Final colloquium Zekai Chen
31 January 2025 10:00 till 11:00 - Location: ME-Lecture Hall B - Isaac Newton, 34.A-0-720 - By: DCSC | Add to my calendar
LiDAR Enhanced Closed-loop Active Wake Mixing Control
Supervisor: prof. dr. ir. J.W. van Wingerden
Abstract: Wind energy plays an essential role in the sustainable development of our future. In wind farms, where multiple turbines operate in arrays, turbines are subject to the wake effect—a phenomenon of aerodynamic interactions that significantly reduces power production in downstream turbines, increases structural loading, and shortens turbine lifespan. To mitigate these challenges, wake mixing control strategies are employed to enhance the mixing of free-stream air with the turbine wake, thereby improving overall wind farm performance. Among these strategies, the Helix approach has garnered attention for its consistent mixing of high- and low-energy air, leading to substantial increases in downstream turbine power production. Currently, the Helix approach is implemented in an open-loop manner. This is not an issue under uniform wind conditions. However, in the presence of external uncertainty such as wind shear and turbulence, the effectiveness of the Helix is compromised, occasionally causing more harm than benefit. This reveals an urgent demand for a closed-loop control method.

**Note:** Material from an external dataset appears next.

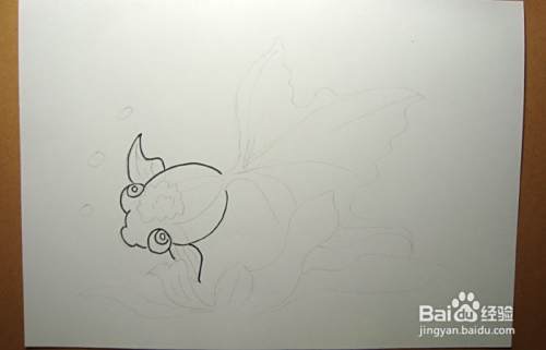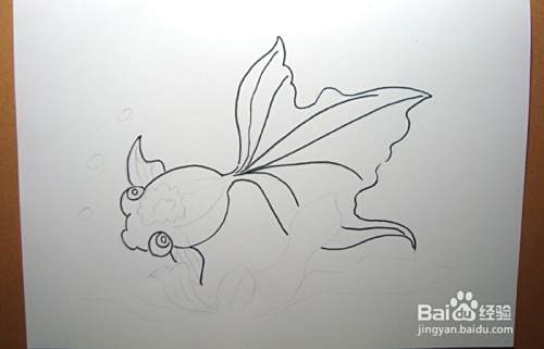 铅笔画个草稿布局,用黑色的水彩笔,先从美丽的小金鱼的头部开始画,把金鱼的眼睛和嘴一起画出来,如下图所示。
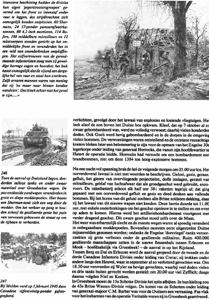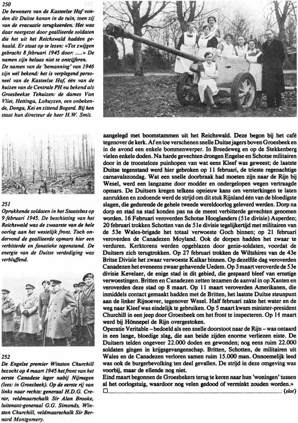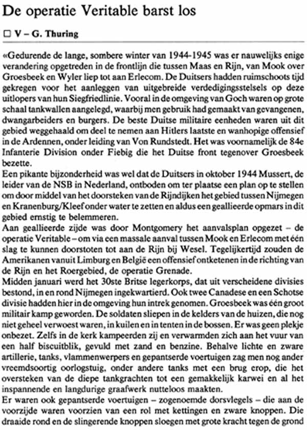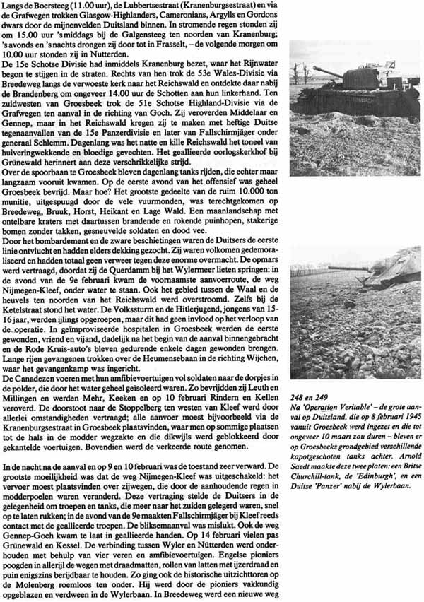 Het grote offensief (De Gelderlander, 6 februari 1946) Herinneringen aan den strijd bij Groesbeek De sneeuw en koude der Januari-maand zijn verdwenen; - laag nevelen zich de wolken over de dorpjes en de grijze keizerstad aan de Waal, waar nog de majestueuze brugoverspanning trots wijst op den triomph van de jeugdigen heldenmoed. Over de wegen raast een massaal verkeer. Tanks, trucks, amphibiebooten en een enkele jeep daar tusschendoor, rijen zich tot een lange karavaan, zonder een begin en einde, naar 't schijnt! 't Is 8 Februari 1945 en we vertoeven aan den rand van Nijmegen. Geallieerden soldaten agiteeren druk, ze staan gevechtsklaar in den vroegen morgen. De vorige avond heeft de luchtmacht een offensief ingezet en Cleve en Goch gebombardeerd. Nog op deze prillen voorjaarsmorgen kunnen we de vlammen van de brandende stad Cleve zien oplaaien in een fellen gloed! Deze morgen 8 Februari 1945! Wel grootscheeps is het offensief ingezet op de Duitsche linies in het fameuze Reichswald te Groesbeek. Vanaf vroeg in den morgen beuken de kannonnen met moorddadig geweld op de vijandelijke linies. Het geschut, dat opgesteld is aan den rand van Nijmegen, langs de Groesbbksche bosschen en in het gebied rond Mook, verplettert in een alles-omvattende vernietiging het tot een aanval bereide Duitsche leger in den sector Cranenburg. De gehele grensstreek in vlammen. Langs de geheele grensstreek brandt het en ook het dorp Groesbeek hult zich in een walmenden gloed van in brandgeschoten boerderijen en den kruitdamp der afgevuurde projectielen, die als 't ware meter voor meter den weg banen voor den uiteindelijken stoot naar 't hart van Nazi Duitsland. Groesbeek betaalt zijn cijns aan den oorlogsmoloch! Na totale plundering van het bezit der bevolking tijdens de overwintering, worden thans huizen, boerderijen, kerken en scholen met de grond gelijk gemaakt. En de bewoners van dit bloeiende, natuurschoonrijke dorp, zwerven in wijde, onbekende verten. Aan de Fransch-Belgische grens kunt gij ze vinden, maar ook in Groningen en Friesland, in Amsterdam en Haarlem, zoo goed als in Thüringen en Westfalen. Voor hen is dit vooral een lange, bange winter van veel leed, honger en dood. Maar ook de stad Nijmegen lijdt vreeslijk onder de verderf zaaiende granaten van Duitschen kant, die veel inwoners hebben gedood en verwond. Op het oogenblik staat in Groesbeek nog een buitgemaakt kanon en daarop lezen wij: 'Tot zwijgen gebracht op 8 Februari 1945'. Dit geschut zaaide dood en verder van September 1944 tot Februari 1945'. Met vandaag is dit tijdperk gelukkig ten einde en worden de menschen verlost van het rustelooze gejaag en de vluchten naar elders. De voorbereidingen Voor het groote offensief, dat vanuit Groesbeek zou beginnen, waren reeds in het begin Januari 1945 voorbereidingen waargenomen, die een spoedig hervatten der krijgsoperaties in deze buurt deden verwachten. Tot deze voorbereidingen behoorden o.a. het aanleggen van nieuwe wegen, dwars door de bosschen heen. Deze dienden echter slechts als camouflage en zijn dan ook niet als verkeersobject gebruikt. Ook werd door de 'Royal Artillery' de geschutsopstelling berekend. De bediening der kannonen geschiedde door de manschappen van het 8ste leger, dat we reeds kenden van de roemrijke veldtochten in Lybië, Sicilië, Italië en Zuid-Frankrijk. Den soldaten was ontzegd eenig kenteeken te dragen in verband met de geheimhouding hunner aanwezigheid. In het dorp werd 't steeds drukker. Soldaten legerden zich in de huizen, die als zoodanig nog bruikbaar waren en ook in de bosschen was het vol met militairen. In de eertijds verlaten dorpsstraten was het een druk beweeg van menschen in uniform. Op iedere weg, in iedere straat, zelfs op elk paadje stonden trucks, tanks en jeeps opgesteld en in de tuintjes voor de huizen had men de munitiekisten hoog opgestapeld. 1200 Kannonen worden gericht Op 7 februari in den namiddag werden de voertuigen voorzien van roode doeken (kenteeken voor de vliegtuigen). De vuurmonden van ruim 1200 kanonnen werden nagezien, gericht en de munitiekisten gereed gezet. Omstreeks half tien in den avond naderden vliegtuigen en hun hevig gebrom bewees, dat ze op geringe hoogte vlogen en groot in aantal waren (700). Even voorbij Groesbeek lieten ze hun bommenlast vallen als een doodsregen op de Duitsche grensstadjes Goch en Cleve. Die nacht konden deNBS-ers niet slapen van spanning! En om vijf uur barstten ineens honderden en honderden kannonen los en wierpen duizenden granaten op en over de Duitse linies. In de grijze morgenschemering waren de inslagen soms duidelijk te zien. Na enige tijd was echter alles in een dichte rookwolk gehuld. Onafgebroken duurde dit enorme bombardement voort tot 11 uur toe. Toen zetten de machtige tankcolonnes zich in beweging en trok de infanterie op. Een schouwspel om nooit meer te vergeten! Langs tien wegen rukten zij op, o.a. langs de spoorbaan. Ook vlammenwerpers traden spoedig in actie. Al gauw brak in het Reichswald brand uit. De rossige gloed drong door de rookwolken heen. Wyler en Cranenburg waren al spoedig veroverd... Toen begon het water te stijgen. Het kwam tenslotte zo hoog, dat zelfs een gedeelte van de Parochie De Horst onder water stond. Krijgsgevangenen werden intussen in lange rijen aangevoerd. Ze zagen er ontzettend uit. Sommige liepen op een schoen en een klomp, geheel gedemoraliseerd, met vuile, verbrande gezichten. De meesten waren uitgeput, maar blij, omdat voor hen de oorlog voorbij was! Groesbeek was dus eindelijk en ten laatste echt vrij! Was de afgelopen winter menig Groesbeker al eens stiekem komen kijken, - waardoor hij vaak als spion was opgepikt!- nu werd de toevloed steeds groter. Steeds meer verhalen kwamen er onder de geëvacueerden in omloop over de geweldige verwoestingen en over de droeve plunderingen... Tenslotte waren zij niet meer te houden. De autoriteiten trachtten hen nog tegen te houden door te wijzen op de vele mijnen en boobytraps, doch de Groesbekers wilden naar huis... en ginge

Consequently, this work developed a closed-loop active wake mixing framework that integrates LiDAR as the feedback mechanism to measure the flow information. The framework consists of a LiDAR subsystem for real-time flow data acquisition and processing, and a control subsystem for managing the complex system with time-delay in real-time. The designed framework is simulated in QBlade under different wind conditions. Results demonstrate that it effectively rectifies the Helix under some external disturbances and improves power production in a two-turbine setup under shear and combined shear-turbulence conditions. However, limitations are noted in handling high-frequency disturbances. Despite these limitations, the proposed framework demonstrates great potentials, offering a novel perspective in deploying wake mixing strategies. It provides a platform for integration with other control strategies, such as phase synchronization, to further improve the wind farm performance.